(Beginning of DATASET CONTENT)

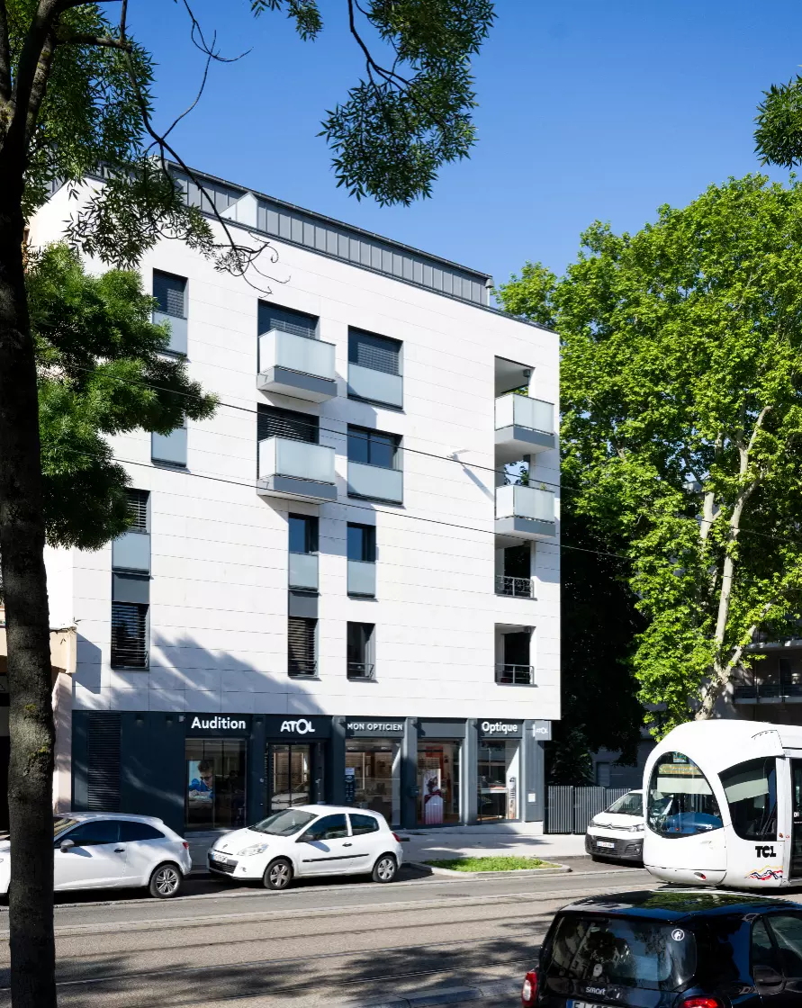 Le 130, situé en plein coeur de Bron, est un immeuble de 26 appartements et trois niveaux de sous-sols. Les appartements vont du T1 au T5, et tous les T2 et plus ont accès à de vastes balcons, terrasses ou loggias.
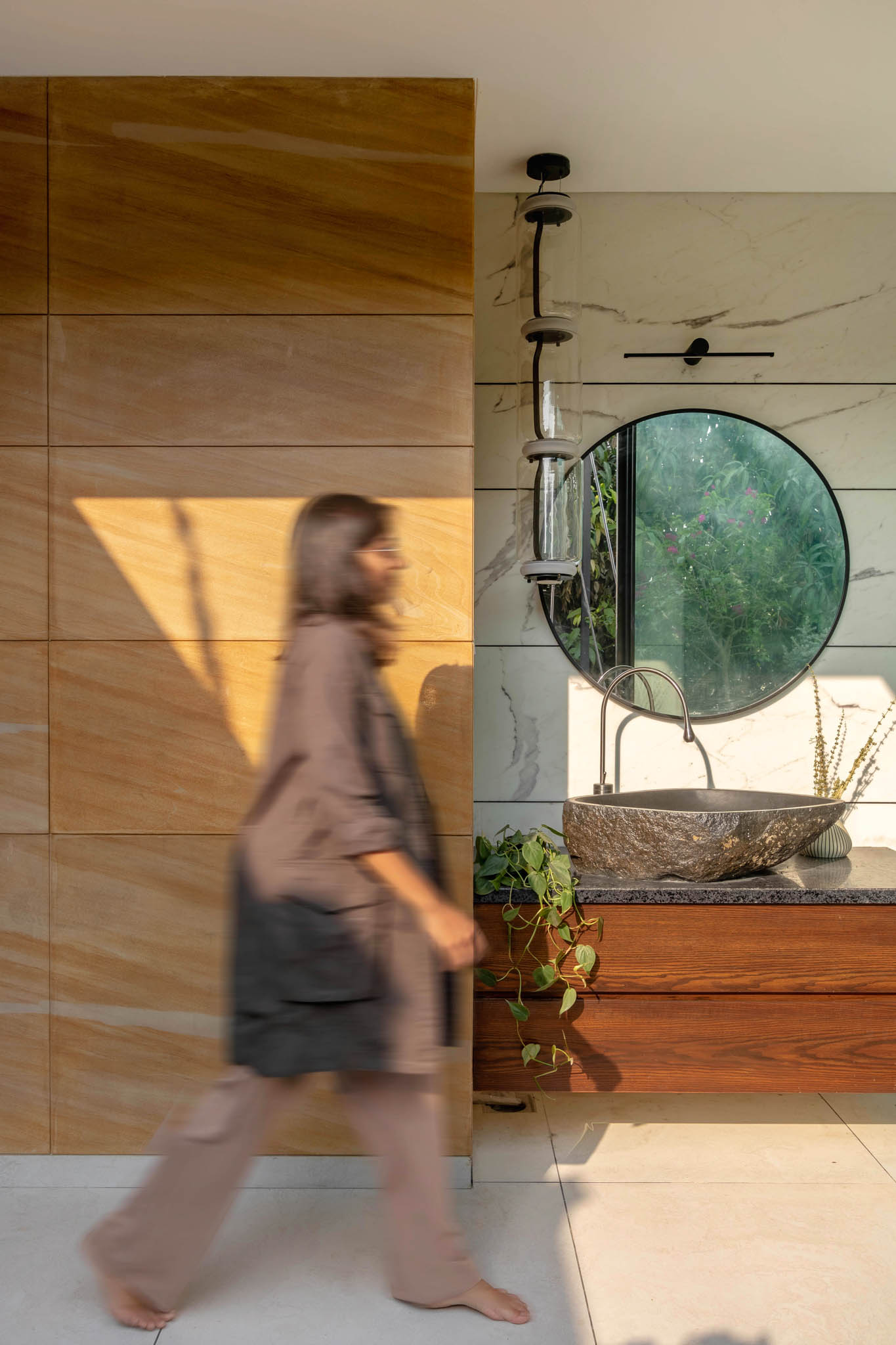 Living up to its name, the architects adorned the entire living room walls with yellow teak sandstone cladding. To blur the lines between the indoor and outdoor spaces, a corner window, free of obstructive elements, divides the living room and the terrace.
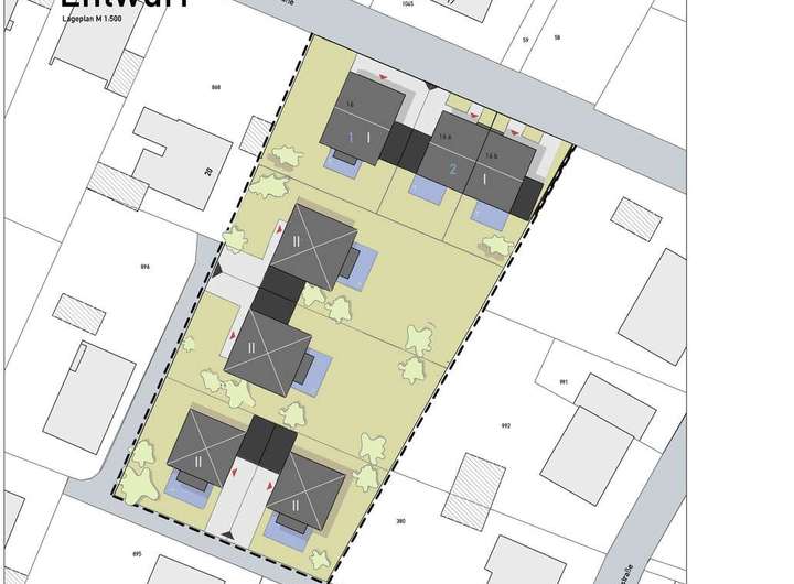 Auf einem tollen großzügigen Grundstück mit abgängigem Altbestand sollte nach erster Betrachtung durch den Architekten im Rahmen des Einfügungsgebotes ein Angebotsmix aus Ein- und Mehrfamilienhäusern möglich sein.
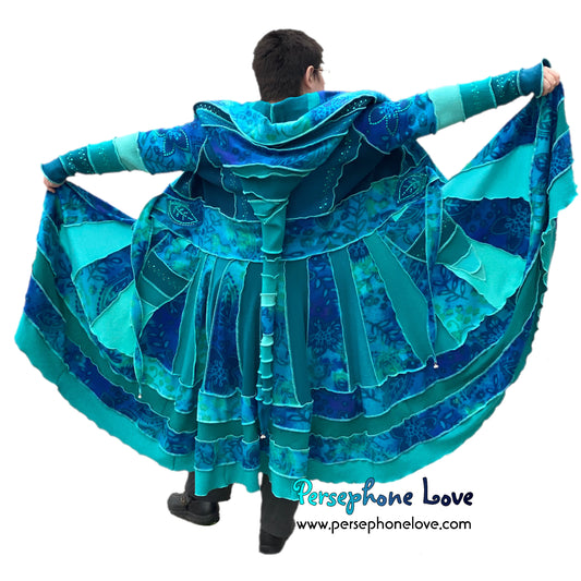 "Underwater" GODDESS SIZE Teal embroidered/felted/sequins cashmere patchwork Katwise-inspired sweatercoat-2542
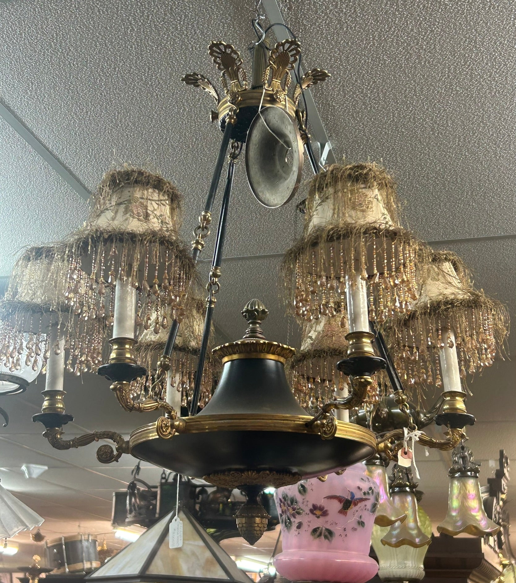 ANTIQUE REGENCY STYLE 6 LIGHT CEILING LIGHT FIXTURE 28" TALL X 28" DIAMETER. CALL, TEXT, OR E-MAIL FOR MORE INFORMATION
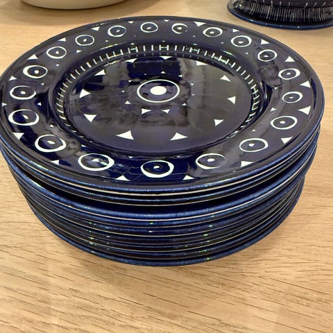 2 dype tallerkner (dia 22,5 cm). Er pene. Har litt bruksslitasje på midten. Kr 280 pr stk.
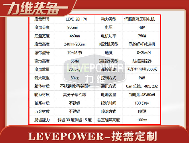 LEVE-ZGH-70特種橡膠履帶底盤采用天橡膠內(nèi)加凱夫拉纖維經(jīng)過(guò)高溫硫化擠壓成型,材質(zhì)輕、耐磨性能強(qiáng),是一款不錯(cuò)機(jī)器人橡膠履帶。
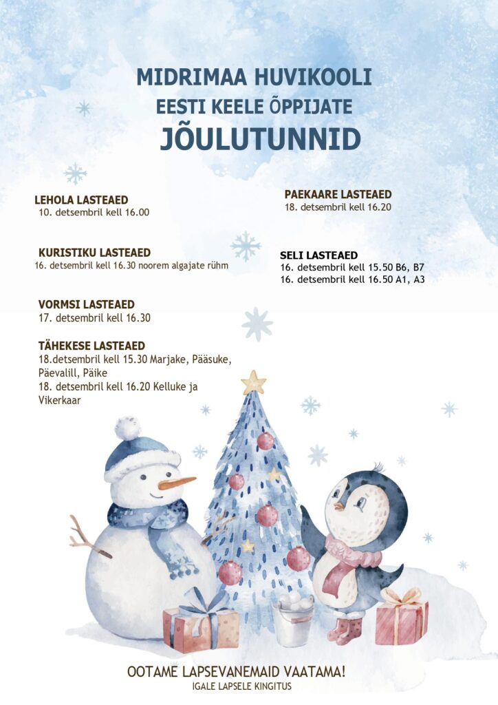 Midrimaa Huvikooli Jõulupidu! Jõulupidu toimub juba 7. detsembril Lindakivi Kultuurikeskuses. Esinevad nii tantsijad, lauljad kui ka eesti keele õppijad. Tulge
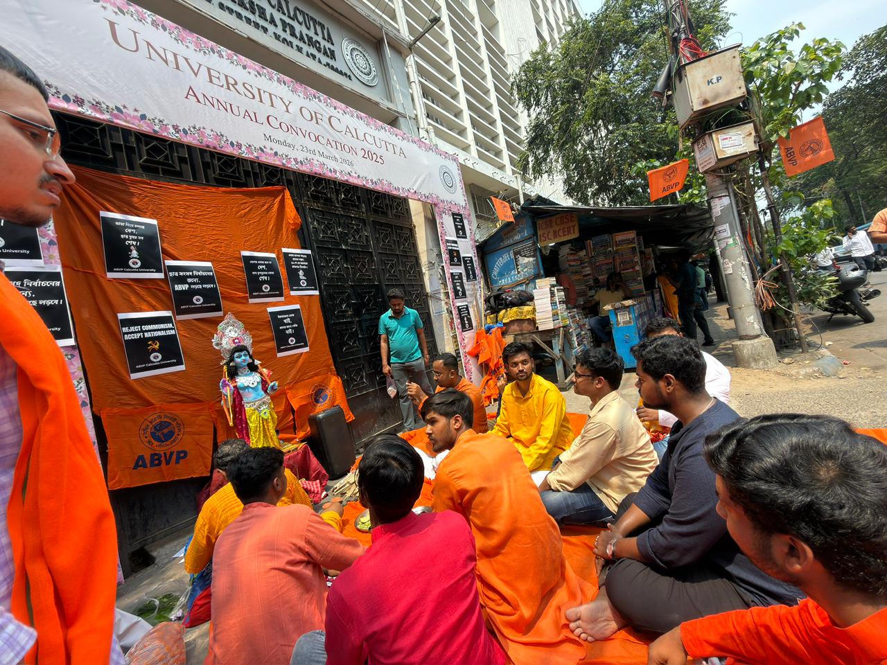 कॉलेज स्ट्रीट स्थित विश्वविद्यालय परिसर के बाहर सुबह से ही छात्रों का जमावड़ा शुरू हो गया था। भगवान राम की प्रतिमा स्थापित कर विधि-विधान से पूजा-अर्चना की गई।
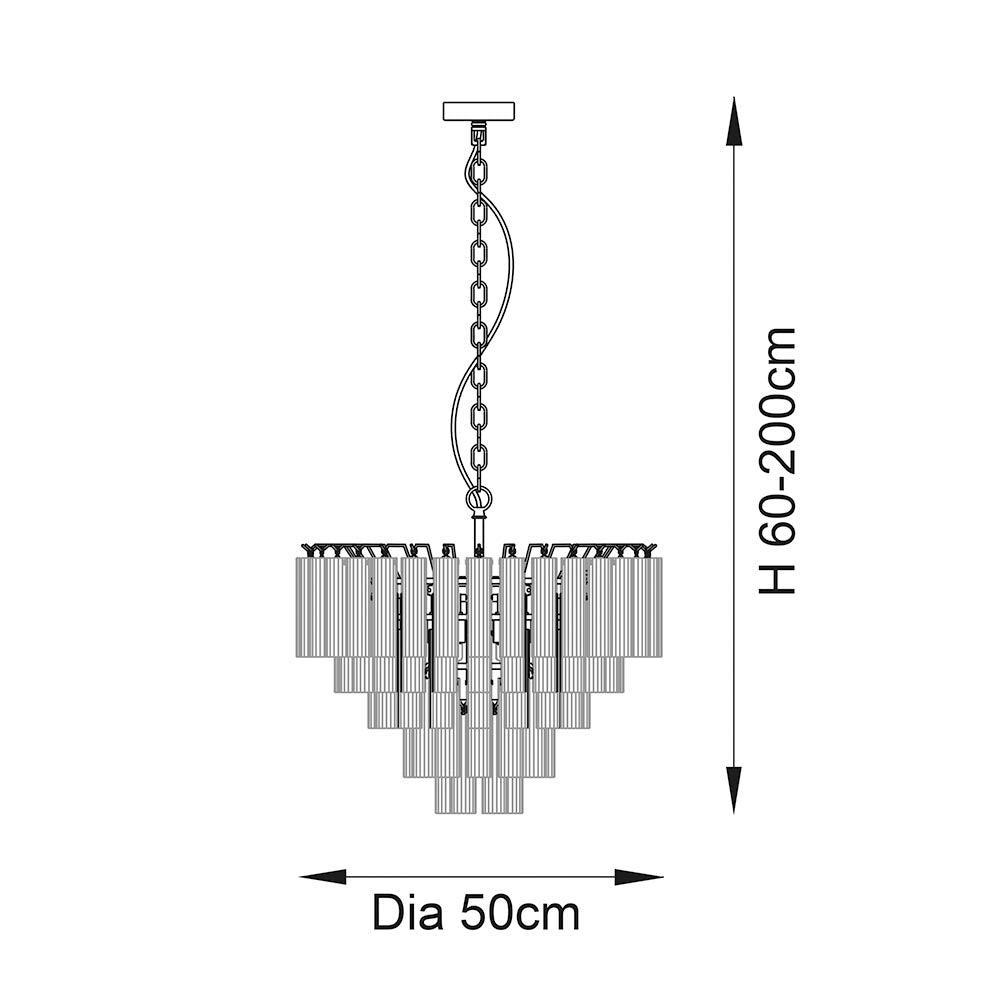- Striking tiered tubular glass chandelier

(End of DATASET CONTENT)

* WHAT IS EXPECTED
From the line containing "2 dype tallerkner" through the final line of the listing, copy every line exactly and nothing else. Skip the pictures.

* EXPECTED ANSWER
 2 dype tallerkner (dia 22,5 cm). Er pene. Har litt bruksslitasje på midten. Kr 280 pr stk.
 LEVE-ZGH-70特種橡膠履帶底盤采用天橡膠內(nèi)加凱夫拉纖維經(jīng)過(guò)高溫硫化擠壓成型,材質(zhì)輕、耐磨性能強(qiáng),是一款不錯(cuò)機(jī)器人橡膠履帶。
 Midrimaa Huvikooli Jõulupidu! Jõulupidu toimub juba 7. detsembril Lindakivi Kultuurikeskuses. Esinevad nii tantsijad, lauljad kui ka eesti keele õppijad. Tulge
 कॉलेज स्ट्रीट स्थित विश्वविद्यालय परिसर के बाहर सुबह से ही छात्रों का जमावड़ा शुरू हो गया था। भगवान राम की प्रतिमा स्थापित कर विधि-विधान से पूजा-अर्चना की गई।
- Striking tiered tubular glass chandelier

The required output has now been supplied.